The Pictet–Spengler reaction is a two-step process, where an aldehyde and an amine first react to give an imine as an intermediate. This is followed by a 6-endo intramolecular cyclization of the imine to produce the cyclized product. The second step is the rate-limiting step and the electrophilicity of the imine is the driving force of the cyclization. HCl generated in situ from TCT protonated the imine intermediate to an iminium ion, which undergoes a cyclization. The presence of an inert nitrogen atmosphere abated formation of the oxidized product (β-carboline), thus allowing for a clean reaction. In a nutshell, the Pictet–Spengler reaction of tryptamine can be elegantly catalyzed by TCT with a high substrate scope and diversity, hence TCT proved to be a robust catalyst in the 6-endo cyclization.

Recently, the Pictet–Spengler reaction has been successfully extended to arylamine substrates [11-17]. These substrates are designed by replacing the aliphatic amine side chain attached to activated heterocycles, for example tryptamine (1), by aromatic amines [11]. Moreover, the aromatic amines can be originated from either carbon or nitrogen of the activated heterocycle.
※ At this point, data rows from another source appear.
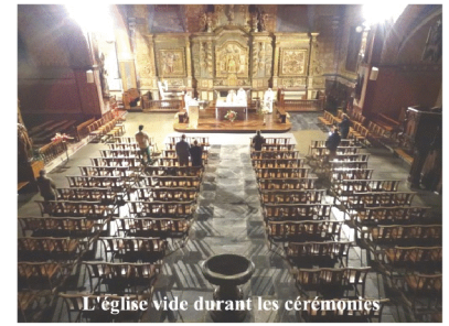
L'église vide durant les cérémonies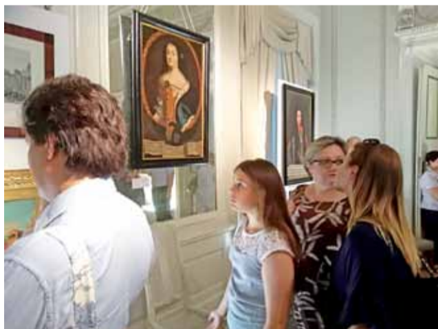
Na wystawie prezentowane są także obrazy przedstawiające Radziwiłłów. Pośrodku zdjęcia widoczny jest obraz Katarzyny z Sobieskich Radziwiłłowej.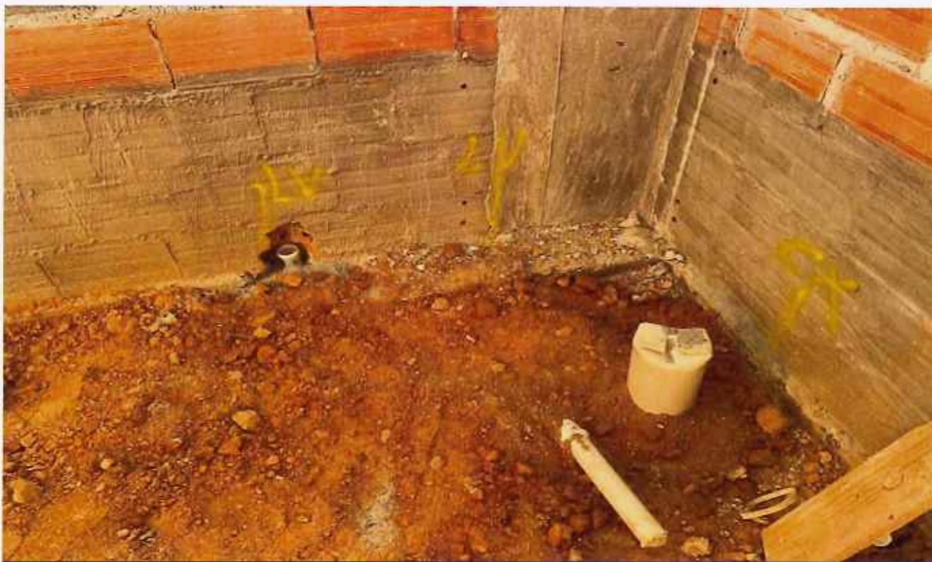
24/02/2026 - Execução de hidráulica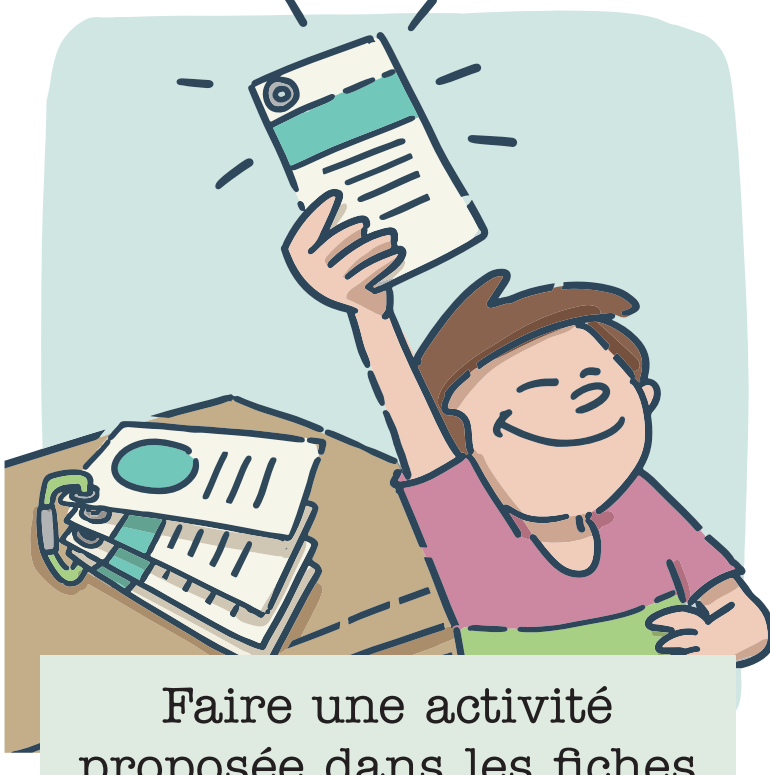
Faire une activité proposée dans les fiches Lit de camp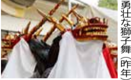
勇壮な獅子舞(昨年)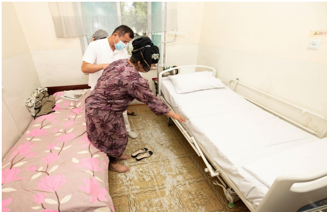
Пациентка перемещается со старой медицинской кровати на новую кровать, профинансированную KOICA, в Шахринавской больнице. 11 мая 2021 года, Таджикистан.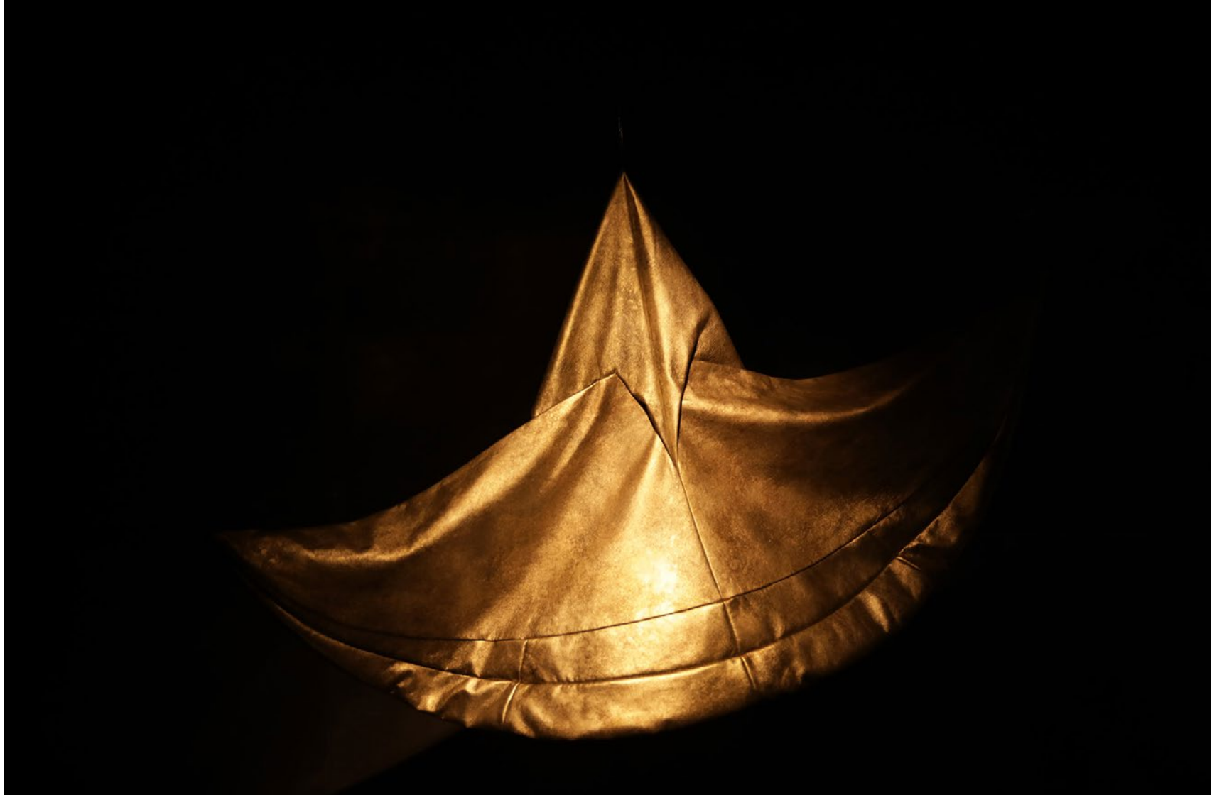
Série Les Marcheurs Attentifs #08 Impression Glicée sur papier Canson 100% Coton. Rag 310g Tirage: édition limitée de 7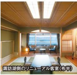
諏訪湖側のリニューアル客室(布半)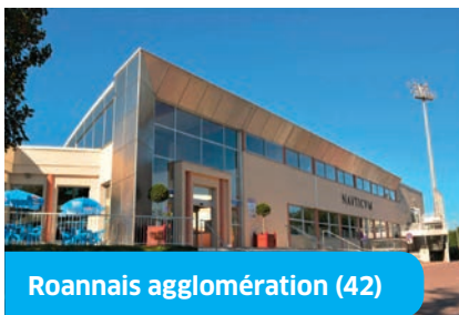
Roannais agglomération (42)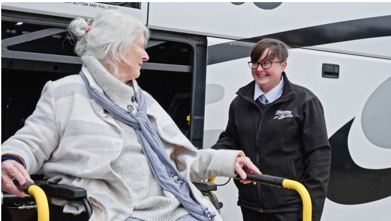
Ffigur 2 Teithwraig hŷn yn defnyddio lifft coets sy'n llwytho ar yr ochr sy'n cydymffurfio â PSVAR (CPT)

Mae'r PSVAR yn llywodraethu'r gofynion hygyrchedd ar gyfer bysiau a choetsis sy'n darparu gwasanaethau lleol ac wedi'u hamserlennu gyda chapasiti o fwy na 22 o deithwyr, yn ogystal â'r gyrrwr.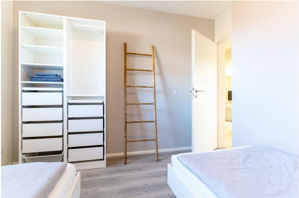
Schlafzimmer № 2 / Büro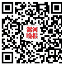
漯河晚报微信公众号

谷女士觉得,通过这些寒假作业,能看到学校和老师育人的智慧和能力。“能在学校和老师的带动下,让孩子学会生活和学习,这非常棒。我女儿也对老师布置的这些作业很感兴趣,今天一回家就开始做起来。”谷女士说。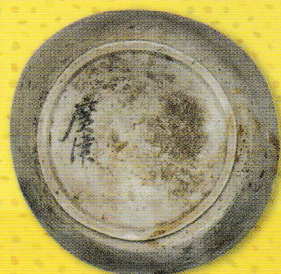
霊仙寺遺跡 「廣津」墨書土器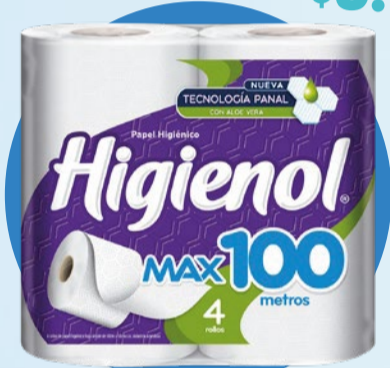
PAPEL HIGIÉNICO HIGIENOL Max • x 4 u x 100 m x m: $ 8 (1) Cód. 1743729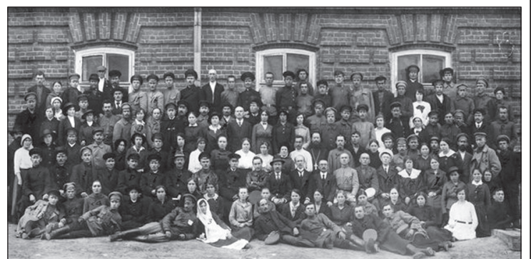
Члены Ядринского укома РКСМ первого созыва. 1920 г.

По материалам электронного издания Госархива современной истории ЧР «Родная моя, дорогая страна, ты можешь на нас положиться!»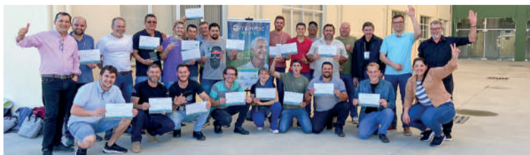
EMPRETEC Rural é aberto para profissionais da área da produção vegetal

O Empretec Rural é aberto a empreendedores, técnicos e profissionais envolvidos nas cadeias produtivas de origem vegetal (hortifruticultores, produtores de grãos, empreendedores de reflorestamento, por exemplo) e animal (criadores de gado, suínos, aves), além dos ligados à aquicultura. Com metodologia da Organização das Nações Unidas, busca lapidar postura do profissional e potencializar resultados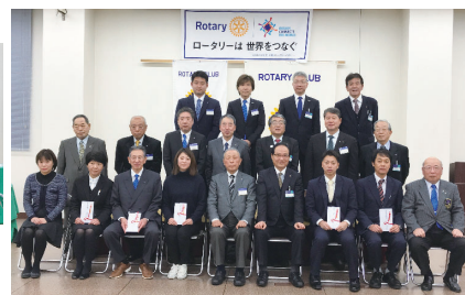
皆さんで集合写真

◆12/21 (土) 第1回派遣学生オリエンテーション及びクリスマス会がホテルハイマートにて開催されました。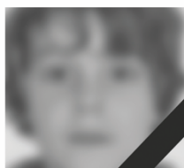
Merlin wartet nicht mehr auf ein Herz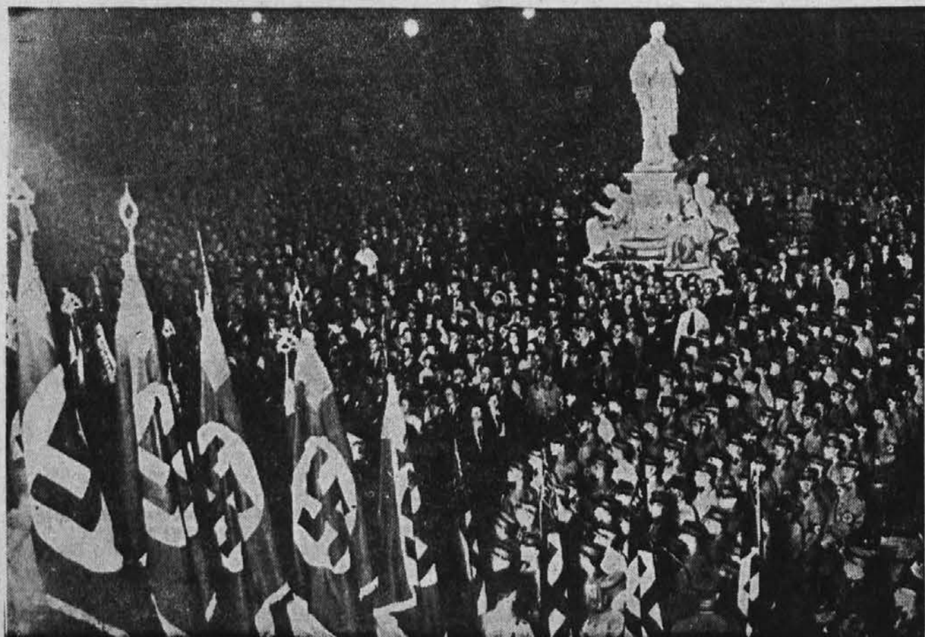
Velika množica hitlerjevcev je poslušala na trgu pred mestno hišo v Hamburgu govor, s katerim je “Fuehrer” zaključil kampanjo za plekiscit

Albantija in Rusija sta pretekli dni navezali redne diplomatske odnose.

Hence, these substrates are referred to as “modified Pictet–Spengler substrates”. We employed one of the arylamine substrates for our studies (Figure 1). In substrate 4 (Figure 1), the aromatic amine side chain originates from the N-1 of indole. It was subjected to the TCT catalyzed Pictet–Spengler reaction with benzaldehyde derivatives. The results are summarized in Table 2.

The substrate 4 reacted equally well with both electron-donating as well as electron-withdrawing aldehydes to yield the 6-endo product indolo[1,2-a]quinoxalines 8 (Table 2). It is interesting to note that the cyclized products of the modified Pictet–Spengler substrate 4 are fully aromatized. This is probably because the cyclized dihydro derivatives formed in situ are prone to oxidation. Substrate 4 furnished the cyclized product faster compared to tryptamine (1). This might be attributed to the enhanced electrophilicity of the imine derived from the arylamine compared to the aliphatic amine as reported earlier [16].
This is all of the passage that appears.